Rowe v. United States

655 F.2d 1065, 228 Ct. Cl. 269, 48 A.F.T.R.2d (RIA) 5554, 1981 U.S. Ct. Cl. LEXIS 400
CourtUnited States Court of Claims
DecidedJuly 15, 1981
DocketNo. 372-78
StatusPublished
Cited by11 cases

This text of 655 F.2d 1065 (Rowe v. United States) is published on Counsel Stack Legal Research, covering United States Court of Claims primary law. Counsel Stack provides free access to over 12 million legal documents including statutes, case law, regulations, and constitutions.

Bluebook
Rowe v. United States, 655 F.2d 1065, 228 Ct. Cl. 269, 48 A.F.T.R.2d (RIA) 5554, 1981 U.S. Ct. Cl. LEXIS 400 (cc 1981).

Opinion

DAVIS, Judge,

delivered the opinion of the court:

This tax refund suit raises the question of whether, in determining "gross income from mining” for coal depletion, plaintiff coal mine owners are required to exclude costs incurred in transporting coal from their mines to the processing facility where the coal is bought by a third-party-owner of the facility, and then processed for use by and sold to consumers. We conclude that such transportation expenses are deductible from gross income in computing depletion allowances, and therefore hold for the Government.

Taxpayers are G. T. Rowe, Howard Hamilton, Floyd Hensley (and their respective spouses).1 All three were general partners in the Ben Mining Company and Mr. Rowe and Mr. Hamilton were partners in the Mink Gap Coal Company. These coal partnerships were engaged in the strip-mining of coal. They did not perform treatment processes (such as cleaning, breaking, sizing, dust allaying, and freezing prevention) on their coal. Rather, they transported the coal 20 miles or less to the premises of the Virginia Iron Coal and Coke Company (VICC). VICC then inspected the coal, and if it was acceptable, bought it, and then cleaned, broke, sized, weighed and shipped (and sold) it to VICC’s customers.

In plaintiffs’ 1973 tax return they computed their gross income from mining for depletion purposes (based on the gross amount realized from coal sales, minus nonmining expenses such as royalty payments) without subtracting, as a nonmining expense, cost incurred by the coal partner[271]*271ships in transporting their coal from the mine sites to VICC. The Internal Revenue Service disallowed the inclusion of such transportation costs in gross income from mining, and as a result, plaintiffs’ depletion allowances were decreased and they paid an additional $7,014.60 in income taxes. In March 1978, their refund claims were fully disallowed, and in August 1978 they brought the present suit, which is properly before us on the parties’ cross-motions for summary judgment (there is no dispute as to the facts).

I

The precise question — the status of the costs of transporting taxpayers’ coal from their mines to VICC’s processing center — is ultimately determined by the intricate provisions of the depletion legislation and regulations.
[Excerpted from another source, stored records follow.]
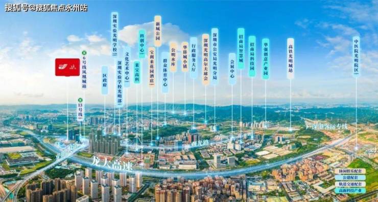 交通枢纽:项目无缝接驳凤凰城地铁站,6号线已于2020年8月份开通,13号线(建设中)连接深圳科创基地,毗邻龙大高速光明出口,光明城高铁站,
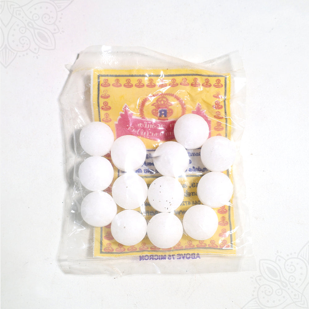 Rasa Karpooram, also known as Edible Camphor, is a natural crystalline substance with a strong, refreshing aroma. It is used in temples, homes, and traditional households for its purifying and aromatic qualities. Apart from its sacred use, it is commonly placed in wardrobes and storage spaces to protect clothes and valuables from insects.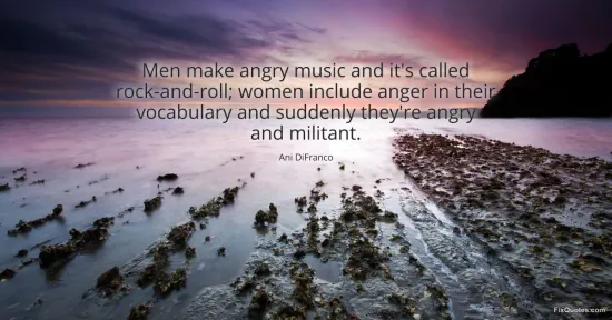 DiFranco, Ani. "Men make angry music and it's called rock-and-roll; women include anger in their vocabulary and suddenly they're angry and militant." FixQuotes. January 16, 2026. https://fixquotes.com/quotes/men-make-angry-music-and-its-called-rock-and-roll-109042/.
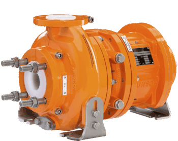 Magnetically coupled pumps are a combination of conventional pump hydraulics with a permanent-magnetic drive system and a three-phase motor. This system uses the attraction and repulsion forces between permanent magnets in both coupling halves for contactless and slip-free torque transmission. Between the two coupling halves equipped with magnets is the can separating the product space from the surroundings. The hermetic leak tightness of the magnetically coupled pumps is ensured by a single-acting safety casing. Magnetically coupled pumps are used particularly for toxic, odour-intensive or otherwise hazardous pumped media as the can shields the medium hermetically from the surroundings.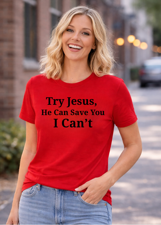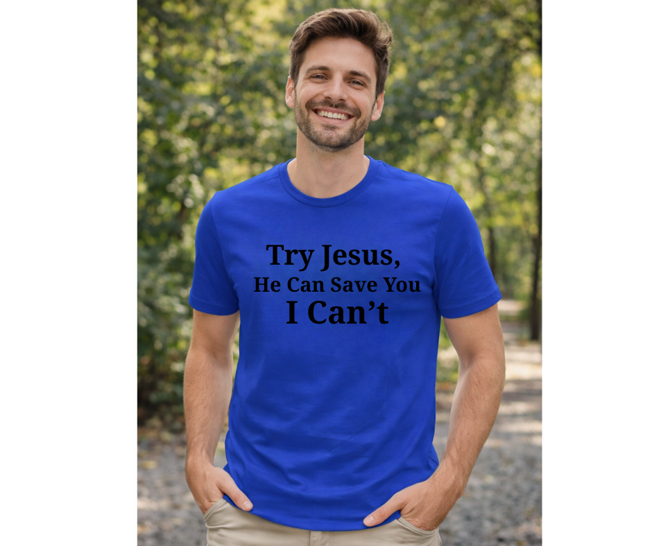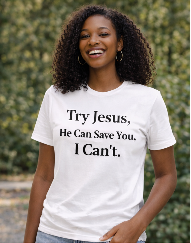 This funny Christian shirt features the bold phrase “Try Jesus. He Can Save You. I Can’t.”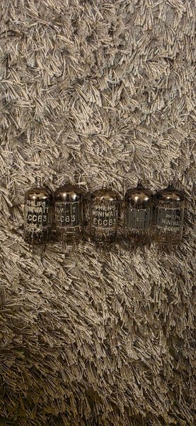 Består av 4 styck Philips ECC83 samt 1 okänt ECC83.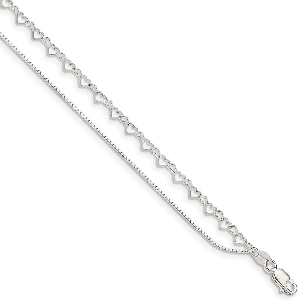 925 Sterling Silver Polished Double Strand Love Hearts With 1 In Ext Anklet 9 Inch 3.5mm Wide-Anklet for Women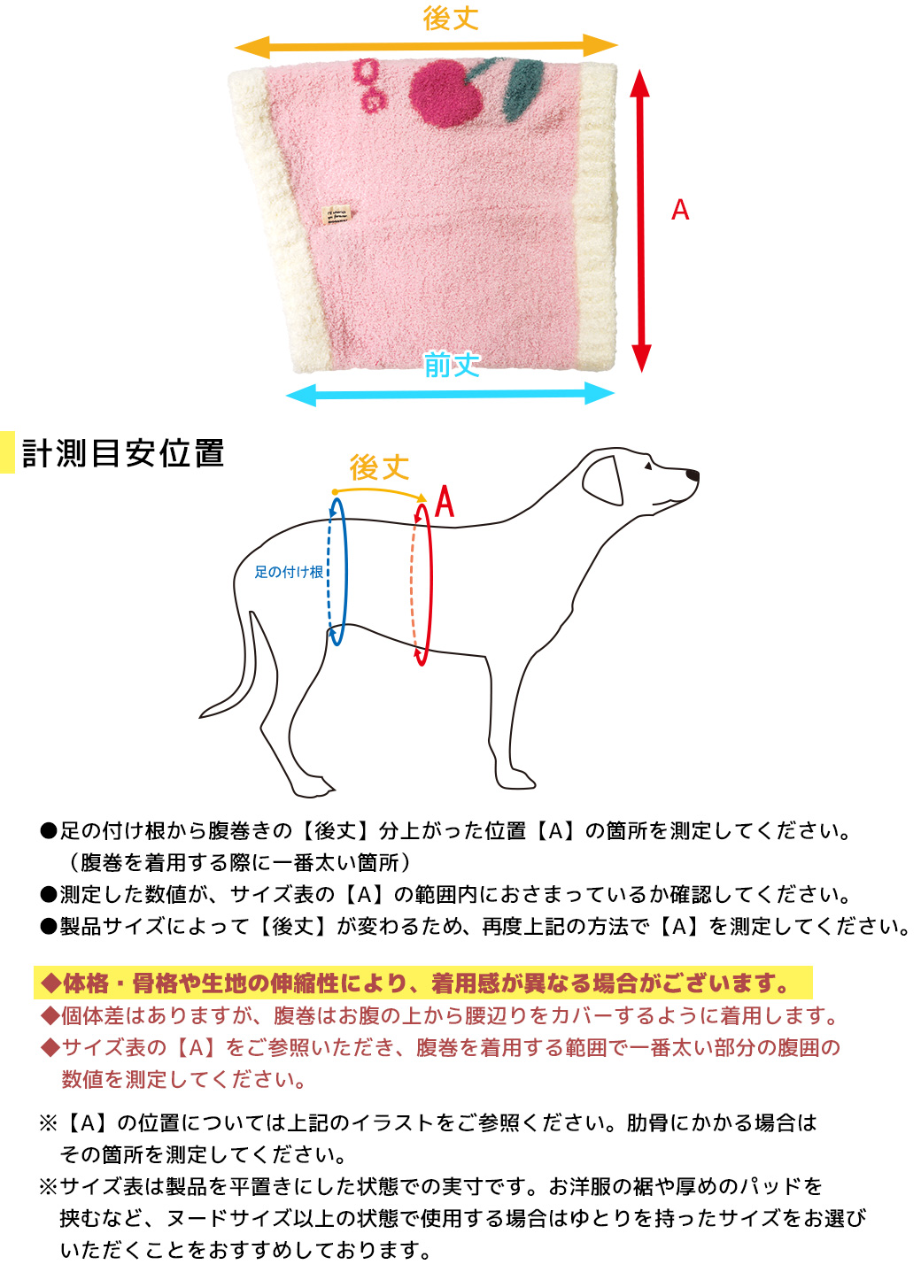 ワンちゃんのお腹のサイズに合わせゴムを調整して下さい。

We have no alternative to threading our way, step-by-step, through their complexities.

Section 611(a) of the Internal Revenue Code of 1954, 26 U.S.C. § 611(a), provides that, for the computation of taxable income in the case of mines, there shall be a deduction equal to "a reasonable allowance for depletion.” Under section 613, the percentage allowed for depletion (under section 611) for coal mining is ten percent "of the gross income from the property excluding from such gross income an amount equal to any rents or royalties paid or incurred by the taxpayer in respect of the property.” 26 U.S.C. § 613(a), (b)(4). Where coal is the depletable property, "gross income from the property” is defined as "gross income from mining.” 26 U.S.C. § 613(c)(1). "Mining,” in turn, encompasses more than just "extraction of the ores or minerals from the ground * * *.” 26 U.S.C. § 613(c)(2). It also includes

the treatment processes considered as mining described in paragraph (4) [of section 613(c)] (and the treatment processes necessary or incidental thereto), and so much of the transportation of ores or minerals * * * from the point of extraction from the ground to the plants or mills in which such treatment processes are applied thereto as is not in excess of 50 miles * * *. [Id. (emphasis added).]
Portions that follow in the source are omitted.